通常ルート115
「これ粗茶ですが……」
「ありがとうございます」
「え、えっとよろしければこれお菓子です。お茶請けにどうぞ……」
「お構いなく、すぐ帰りますので」
「あ、さいですか」
わざわざ家にまでやって来てくれた乱華達の母親を追い返すわけにも行かず、とりあえず用があるらしいので家に上がってもらうことにした。
客人用のお茶やお菓子があって助かったわ。
ただ俺は買った記憶がないから多分心が買って俺の家で寛ぎながら食べるやつだと思うが……まあ後で謝っておけば良いだろう。
すまん心、と謝る事を想定し、先に内なる心に謝罪をしていると東鐘お母様から一言。
「で? 先程のは一体なんなのかしら?」
突然の言葉に一瞬頭が真っ白になるが、すぐに冷静さを取り戻し応える。
「あ、いやですから別に付き合ってるわけではなくてですね?」
「娘達が嘘をついていると? そう言いたいのですか?」
「へ!? あ……いや……」
おっふ……
「あ、あのですね? 厳密には天とは……」
「天?」
「……そ、天さんとは別に付き合ってなくてですね? 乱華と付き合っていたというか……」
「あらそうなのですか? 娘の話と違いますね」
「ち、因みに天……さんはなんと?」
「付き合っているとは直接は言いませんでしたが『将来を誓い合った素敵なパートナー(ご主人様)』がいると言ってましたねぇ」
アイツなんてこと言ってんだぁぁぁ!!?
「それと」
まだあるのか……?
「少し前のことですが夜に水着で家を出て行く姿を見ましてね、娘本人に聞いたら貴方に会いに行ったと言ってましたよ。それに関してはどう説明するつもりなんですか?」
「あぁぁぁ……」
「娘にそんな格好をさせといて付き合ってないと? 面白いこと言いますね。えぇ……ここまで面白いのは久しぶりです……」
ミシミシ、とお母様が手を添えていた湯呑みに一瞬にしてヒビが入る。
これはあれか!? 嘘つけないし正直に言うしかないのか!? よし行くぞ!!
「いや実はあの格好は天さんが好きで着て来たんですよ!」
「そんな変態がいるわけないでしょう」
「しょ……しゅんなこと言っても真実なんですっピ……」
ですよねぇ……本当にそんな変態がいるわけないですよねぇ……(号泣)
「それにあの子首輪を愛おしそうに見ていたわ!! 愛しそうに眺めたり首に付けたりしていました!! あれは貴方がプレゼントした物では!?」
「あれはアイツが買ってきたんですけど!?」
「それに最近じゃ夜中になにか言ってますし!」
「……なんか? それは一体?」
「なにかブヒブヒ言っているんです……」
「あ……」
天のヤツまさか家で鳴き方の練習をしてるのではあるまいな……? え、アイツマジでふざけんなよ?(ドン引き)

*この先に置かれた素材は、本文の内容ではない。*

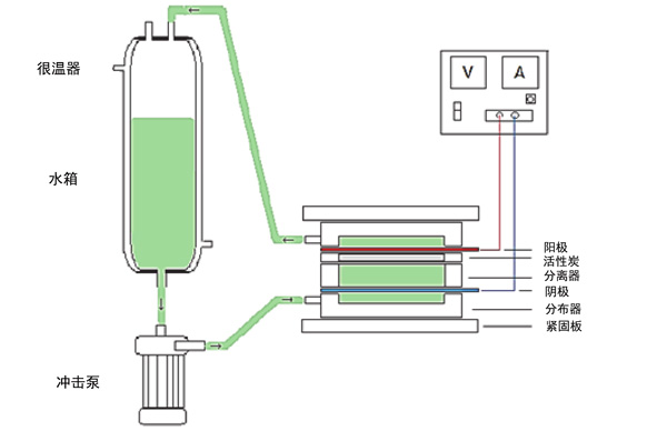 在這項研究中,已開發(fā)出用于溴化物電吸附的壓濾電化學(xué)電池。為了使電化學(xué)電池與受污染的水通過更寬的活性炭床接觸,已經(jīng)對其進(jìn)行了修改。在實驗過程中,水通過離心泵在陽極和陰極之間循環(huán),并通過發(fā)現(xiàn)為床的活性炭。這樣,可以獲得有關(guān)該間歇反應(yīng)器中吸附動力學(xué)以及平衡吸附量的信息。最后的數(shù)據(jù)對于了解由于施加電勢而可能提高活性炭的吸附容量非常重要。圖1中顯示了電化學(xué)電池和用于電吸附過程的設(shè)備的示意圖。

「あれなのでしょう!? そうやって天ちゃんもペットにして弄んでいるのでしょう!?」
「んなわけあるかっ!! てか”も”ってなんだ”も”って!!」
「リードして散歩したり、いやらしい格好をさせたり、自分のことをご主人様とでも呼ばせているのでしょう!? なんて破廉恥なっ!!」
全部正解してるし何その天才的想像力!? あれか、変態の親だから思考回路も同じなのか!!?
「……ま、まあもう天のことは良いです……。と、とりあえず乱……下の子と付き合っているというわけですね? まあ貴方がワタクシの娘と交際しているというだけで怪しいものですが」
「あ、もう乱華とは別れました」
「……」
「……」
「ぬ? 菓子を食わぬのなら儂が貰うのじゃ」
黙り込んでしまった東鐘家のお母様、長いな東鐘ママで良いだろう。
ともかく東鐘ママが話さなくなってしまったので必然的に黙っていると、姫がお客様用のお菓子に手を伸ばしあっという間に食べてしまった。
美味しかったって? そりゃ良かった。
などと考えていると、東鐘ママは突然机を勢いよく叩き怒鳴り出した。
「こぉの最低のゴミ男がァァァ!!!」
「えぇぇ!!?」
「嫌がる天ちゃんに最低な格好をさせて外へ連れ出し!」
いやそれは天の趣味で!!
「乱華ちゃんを弄んでアッサリ捨てる!」
「待って!? 誤解誤解!!!」
「この変態男!! ワタクシの娘達になんてことを!!! 待ってなさいな必ず後悔させてあげますからねぇぇぇぇ!!!!」
「ちょっと待ってぇぇぇぇ!!!?」
とんでもない事を言いながら部屋を飛び出て行く東鐘ママさん、それに対して反論したい気持ちはあったのだが全く相手にしてくれなかった。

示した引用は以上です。